**TASK GOAL:** Transcribe the entries below exactly, starting with the line that has "今天是七七卢沟桥事变77周年" and stopping after the line that has "- Durable Construction: Made"; no pictures belong in the copy.

Collected data entries:
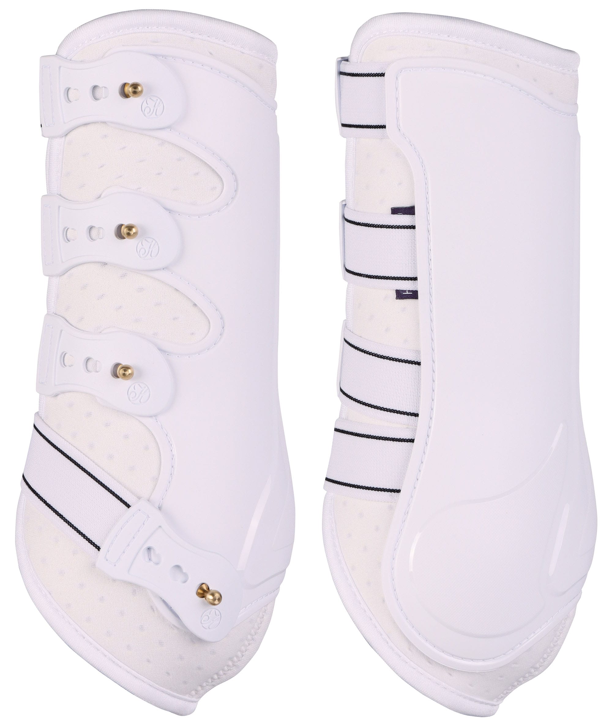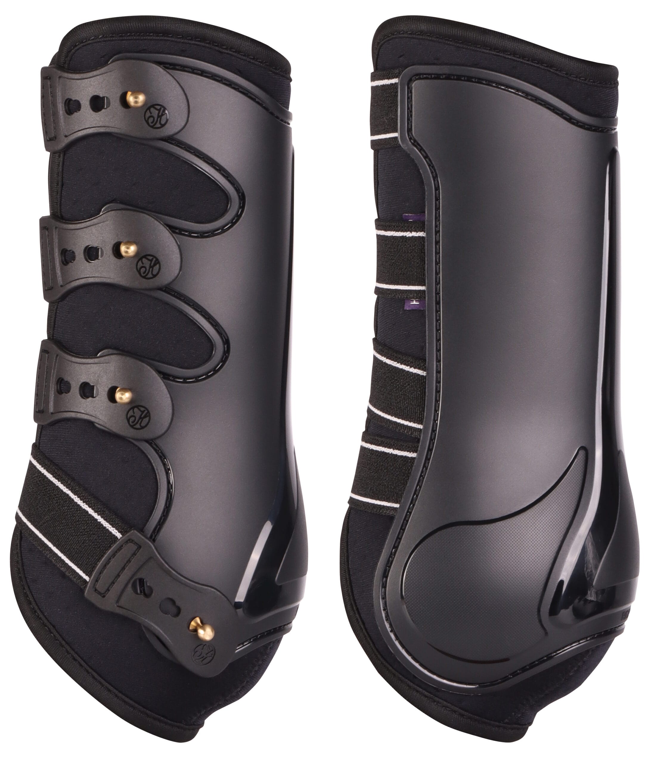 Peesbeschermers met sterke, elastische sluitingen. Volledig uitgevoerd in ademend air-neopreen. Dankzij de optimale pasvorm behoudt het paard veel bewegingsvrijheid. De harde buitenschaal biedt bescherming tegen aantikken.
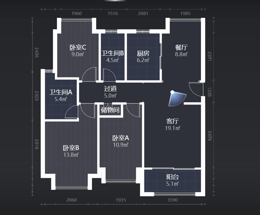 小区比较少的动静分离大三房。两房朝南,一房朝北,全部带飘窗。厨卫全明,光线通风好
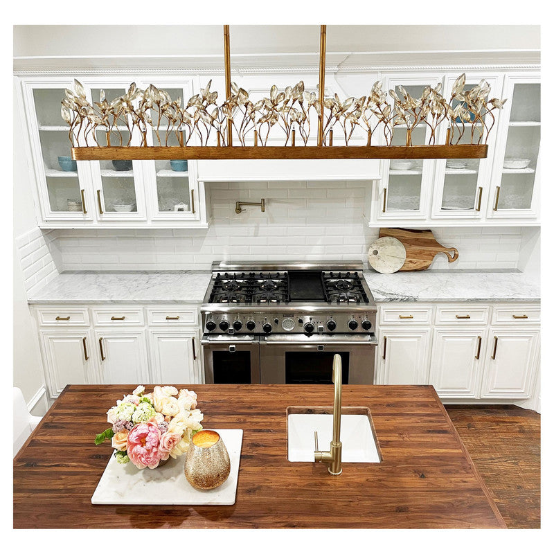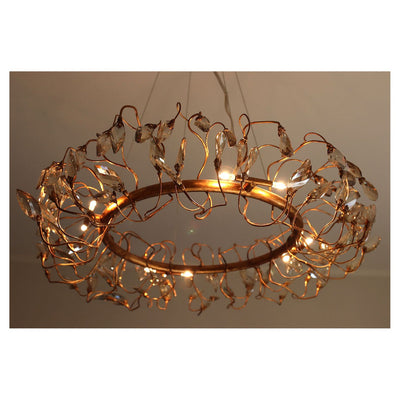 Hand formed wire stems finished in a rich Gold Leaf support delicate petals of Cognac crystal that create a beautiful garden of light. Petite G4 xenon lamps add brilliance and life to the sculpture.
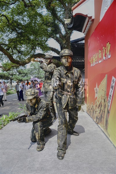 今天是七七卢沟桥事变77周年纪念日。昨天,LY体育·(国际)官方网站城市学院“壹儿艺”暑期实践团队前往江心屿革命烈士纪念馆,在烈日下采用街头行为艺术缅怀革命先烈。他们通过人体彩绘,装扮成红军人物,或举步枪,或吹军号,每15分钟到20分钟变换一个造型。
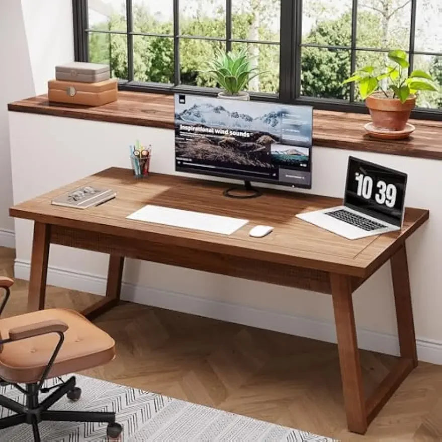 - Durable Construction: Made with solid wood legs and a robust MDF desktop, this desk can support up to 400 pounds. The scratch-resistant and heat-resistant wood grain veneer ensures long-lasting beauty.
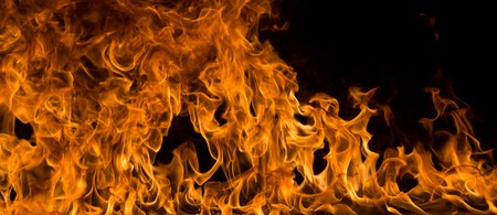 Fire with colorful flames. Big blaze on black background. Close up view with details, banner, space for text.
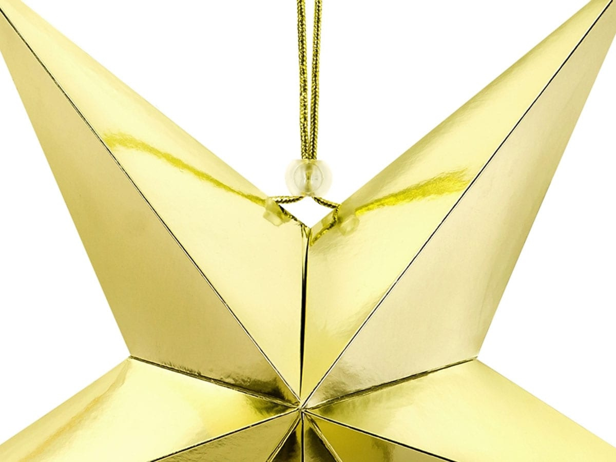 Az ötágú papírcsillag csodálatos dekoráció, amely csillogást és eleganciát kölcsönöz bármely belső térnek. A tükrözött aranypapírból készült dekoráció lenyűgöző hatásával és finom csillogásával. A csillag arany zsinórral rendelkezik, így bárhová kényelmesen felakasztható.
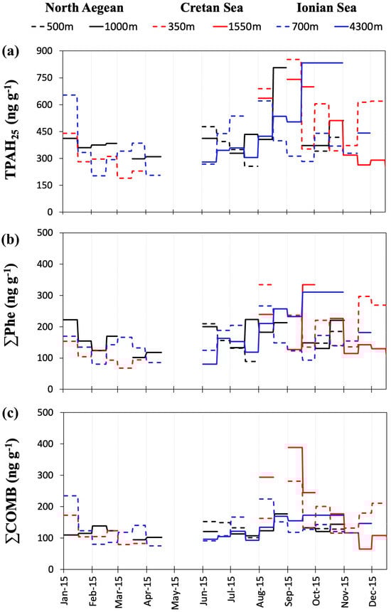 Time series of concentrations expressed in ng g−1 for (a) TPAH25; (b) ∑Phe; (c) ∑COMB determined at corresponding sampling depths for the total study period.
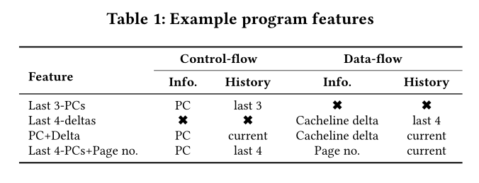 预取根据:program counter (PC), cacheline address (Address), page offset of a cacheline (Offset), or a simple combination of such features using simple operations like concatenation (+)

**SOLUTION TO THE EXERCISE:**
 今天是七七卢沟桥事变77周年纪念日。昨天,LY体育·(国际)官方网站城市学院“壹儿艺”暑期实践团队前往江心屿革命烈士纪念馆,在烈日下采用街头行为艺术缅怀革命先烈。他们通过人体彩绘,装扮成红军人物,或举步枪,或吹军号,每15分钟到20分钟变换一个造型。
 - Durable Construction: Made with solid wood legs and a robust MDF desktop, this desk can support up to 400 pounds. The scratch-resistant and heat-resistant wood grain veneer ensures long-lasting beauty.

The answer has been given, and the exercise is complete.